JDBC was released with JDK 1.1 on February 19, 1997 — 27 years ago as of writing. While it looks quite different from younger APIs, it is still versatile, mostly well-thought-through, and (most important) might not connect with all the things, but a lot!

This includes:

Client-side tooling like DBeaver, IntelliJ DataGrip, and many others,
ETL tools such as KNime, Tableau, Apache NiFi, and related,
Programming frameworks and libraries such as Springs JDBC Template and JDBI, and
The aforementioned platforms in the future to come.

Using Apache Nifi to dump several Neo4j labels into CSV files

JDBC stands for Java Database Connectivity, not for “relational only,” so it is not as alien as it might seem at first glance. However, it is very close to the SQL standard, which includes terms such as catalogs and schemas, which do not yet map exactly what we can provide in Neo4j.

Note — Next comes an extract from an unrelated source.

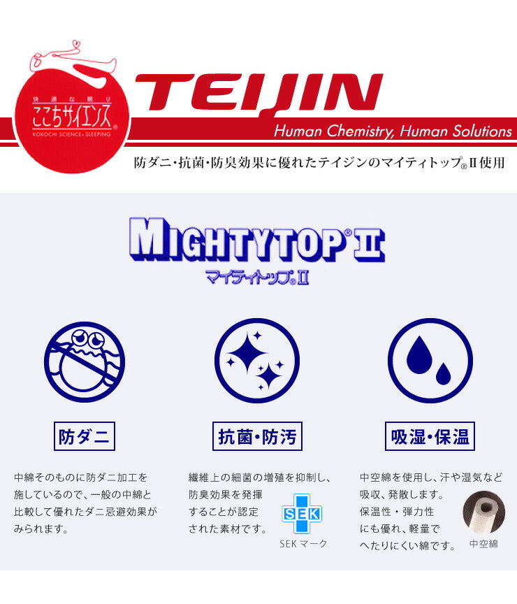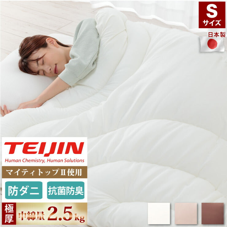 抗菌防臭防ダニ加工掛け布団、ボリュームMAX、中綿2.5kg、帝人、テイジン、teijin、マイティ、国産、冬、あったか

Being mindful of that, JDBC and Neo4j work together just fine.

Nevertheless, many of the tools mentioned above, first and foremost the ETL tools, generate SQL for interacting with a store through JDBC. Neo4j, however, does only understand Cypher, and we need a solution for that.

As mentioned at the beginning, Neo4j does not only offer an opinionated, graph-oriented connector for Java, but also has a dedicated JDBC driver built on top of that. Let’s discuss the reasons for rewriting this.

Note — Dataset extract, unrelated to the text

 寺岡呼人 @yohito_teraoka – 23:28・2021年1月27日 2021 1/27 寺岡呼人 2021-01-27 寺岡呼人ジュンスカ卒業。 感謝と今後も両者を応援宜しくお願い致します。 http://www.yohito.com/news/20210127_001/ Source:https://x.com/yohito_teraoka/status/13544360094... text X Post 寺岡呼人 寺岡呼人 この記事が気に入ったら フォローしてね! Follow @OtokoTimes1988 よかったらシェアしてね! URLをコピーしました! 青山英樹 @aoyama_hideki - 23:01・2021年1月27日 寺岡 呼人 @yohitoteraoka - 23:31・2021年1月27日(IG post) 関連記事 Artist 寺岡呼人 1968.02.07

Why Rewrite the Existing Driver?

As much as greenfield projects are alluring, any rewrite in Software Engineering is a dangerous task and, potentially, a slippery slope into churning users. The good thing here is the goalpost of implementing the JDBC spec, so there’s a lot of guidance regarding how the outcome should actually behave.

The biggest difference between version 6 and prior versions of the Neo4j JDBC Driver (as well as any other JDBC driver for Neo4j that we are aware of) is the fact that it is not built on the common Java driver for Neo4j.

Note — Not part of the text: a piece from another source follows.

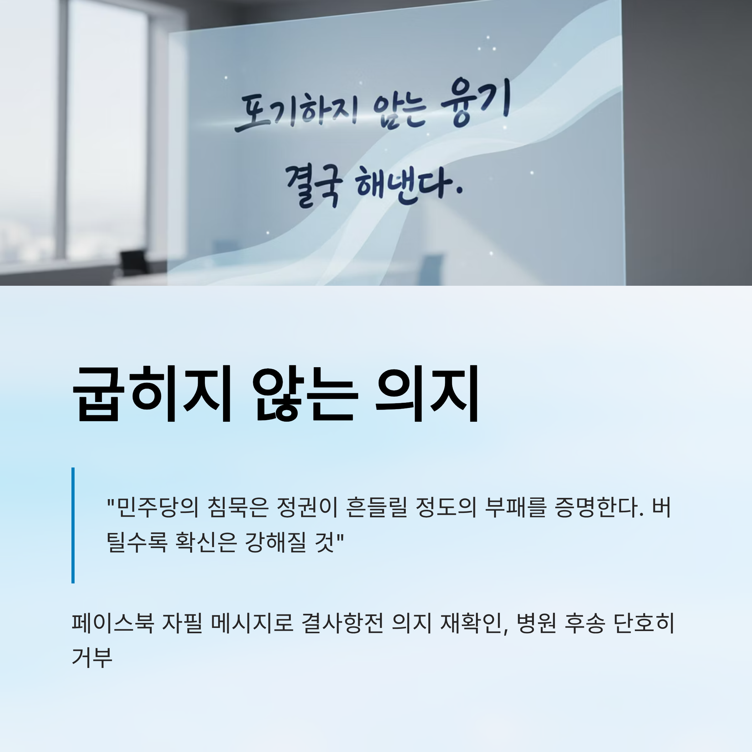 투쟁 의지: 페이스북 자필 메시지를 통해 "민주당의 침묵은 정권이 흔들릴 정도의 부패를 증명한다"며 "버틸수록 확신은 강해질 것"이라고 밝히며 결사항전의 뜻을 재확인했습니다.

Why is this important? The common Neo4j Java driver is a great connector, designed as a “one-stop shop” solution, including connecting pooling, managed transactions, and automatic retries. Those are great features in isolation, but not when you build other drivers or connectors atop it, especially when they are meant to be pluggable — JDBC drivers are usually put into connection pools, which would double the pools.

This decision alone justified the rewrite for us for the actual network layer. But what about the rest?

Design Goals

Our design goals have been built on three pillars:

Implement the JDBC spec proper based on a dedicated version of Bolt, the Neo4j network protocol.
Getting as much schema information out of Neo4j as possible, at the moment, without running any additional algorithms on the graph. Neo4j itself is not schema-free, but very schema-flexible, and we are faced essentially with two problems: Getting an accurate schema, and, if we have that, bending it into a much more rigid schema as enforced by the JDBC metadata API.
Having a pluggable SQL translation architecture. The Neo4j JDBC Driver will assume Cypher by default and will pass those statements to the database, but will ship with a Service Provider Interface (SPI) for adding translators from “your input format” to Cypher.

Additionally, we want to see if we can focus more on good developer experience (DX) and empathy for the needs of downstream developers and users: How can we create a driver that behaves emphatically towards the user, and can we actually bend the JDBC API to that goal?

Lenient on the config: As long as it is not contradictory, do the right thing.
Chooses best defaults, putting less cognitive load on others.
Try to behave as “good” as possible in the restrictions of JDBC, with no surprises (or as few as possible).
Use the escape hatches from the core JDBC API to vendor-specific classes.

What’s in the Box?

For the past 6 months, we worked in a small team of three engineers, with Stu Moore as PM and some helpful advice from colleagues and friends, and can ship the second milestone with the following features:

Network connectivity is fully implemented, including support for read-only hints and full support for Neo4j AuraDB and any Neo4j 5 cluster solution, including SSL and authentication modes beyond username and password for all interactions over JDBC
For metadata, we use available machinery in Neo4j 5 for querying labels, which we map to tables and then apply the best effort to get a view of the available properties and their types. We will broaden that in the future to support the relatively new type of constraints. We did not try to derive a full graph schema.
We ship a default implementation of a translator that can parse many different SQL dialects and is able to translate them to existing Cypher constructs. The translator works for both read and write statements.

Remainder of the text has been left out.